Archive for April 17th, 2006

Welfare in NYC: not as pretty a picture as Bloomberg would like to paint

Last week while listening to NPR, I heard news of the drop of welfare rolls in NYC to a 40-year low, a statistic that Mayor Bloomberg is touting as a major success. From a City Limits article published today:

“We promised to move New Yorkers to self-sufficiency and we are delivering on that promise in a historic way,” Bloomberg states. Of those who leave welfare for work, 88 percent keep their jobs for at least three months, and 75 percent still have them after six.

Now, when I heard those figures, I was immediately skeptical. Those numbers sounded good, but it’s easy to make numbers sound good by leaving the bad stuff out.
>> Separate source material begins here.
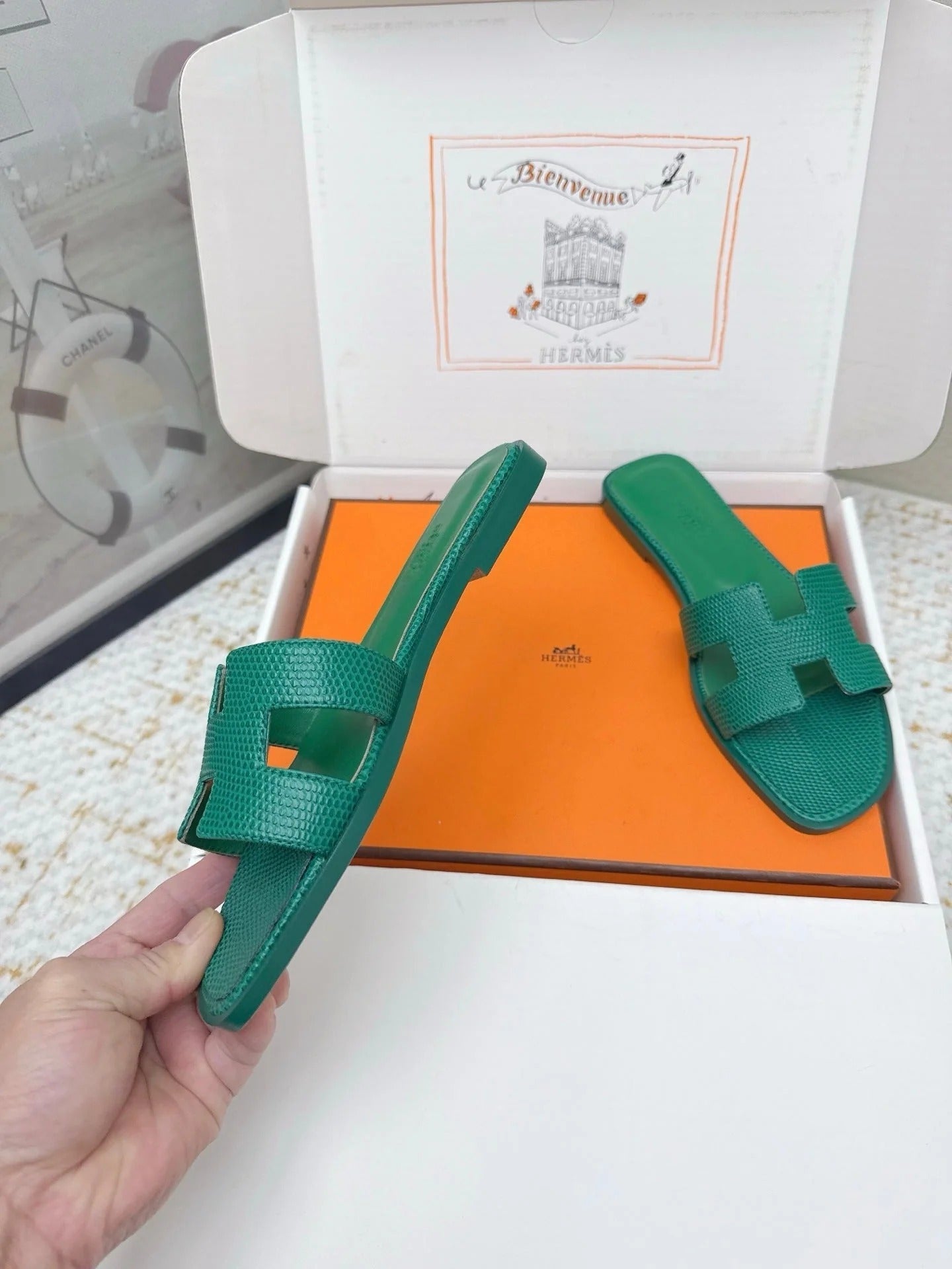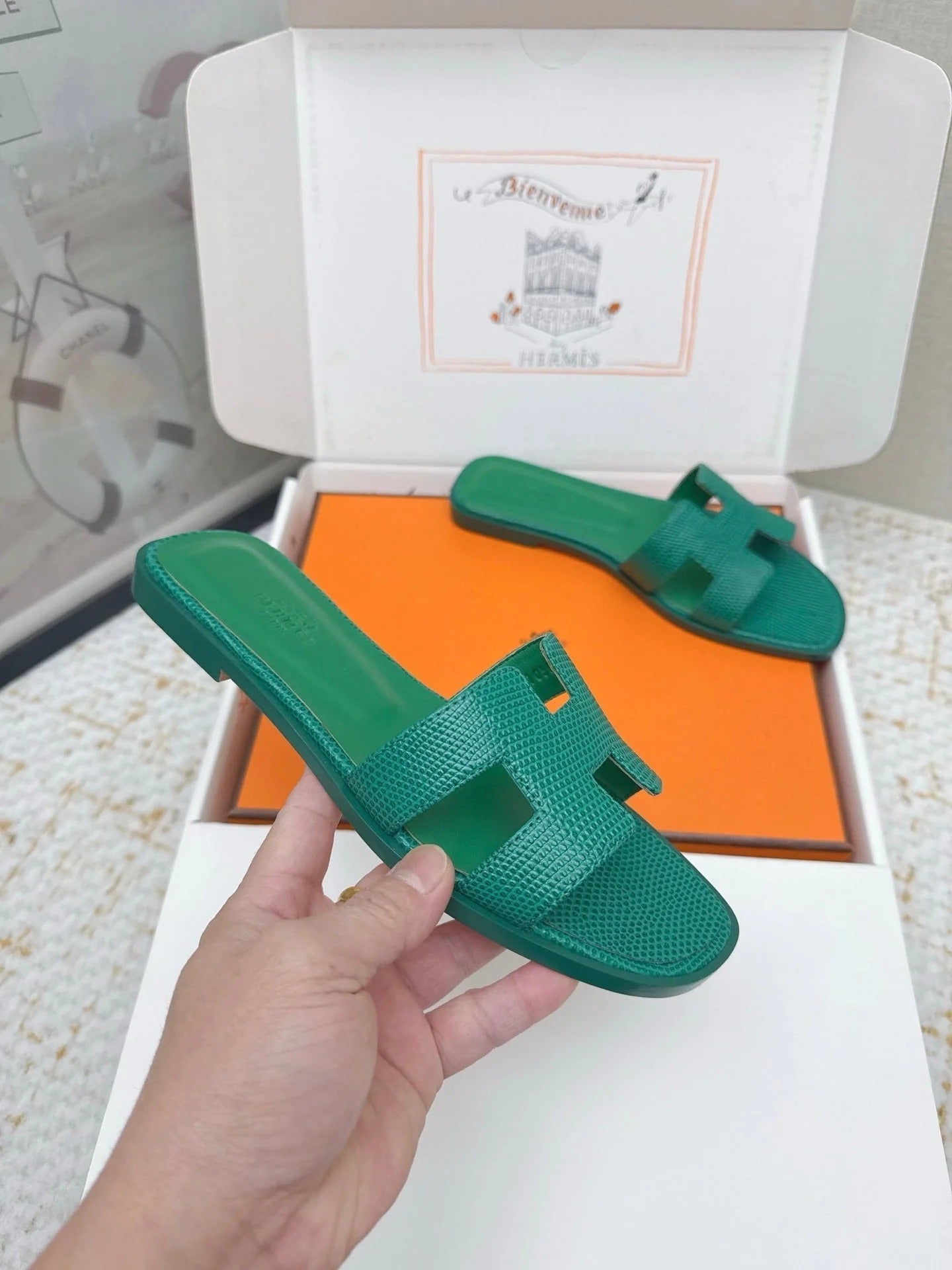HM 26ss Oran Sandals Dark Green Cowhide 625049

And, as the City Limits article reports, it seems that’s precisely what’s going on here:

But the press release [put out by the mayor on April 5] never explains that those numbers apply only to the 23 percent of former clients known to have jobs at all. The other 77 percent aren’t tracked by HRA, according to spokesperson Robert McHugh.

Most of those 77% simply stop showing up for their appointments. Welfare advocates say that much of that drop off is due to the severe difficulties, obstacles, even hostility that people face when attempting to access welfare benefits. As Jillynn Stevens of the Federation of Protestant Welfare Agencies says in the article, “There is every attempt to not sign people up, to exclude them from eligibility, to make it as unfriendly and difficult as possible to be a welfare recipient.”

Bloomberg can dress up the numbers all he wants, but the truth remains that welfare reform has done far more to harm poor folks than to help them. To his credit, Bloomberg is currently seeking to make it easier for some adults to get food stamps, but there’s a lot more to be done to redress the harm done by the anti-poor policies of current mayor and his predecessor Giuliani.

how much longer are we stuck with this jerk?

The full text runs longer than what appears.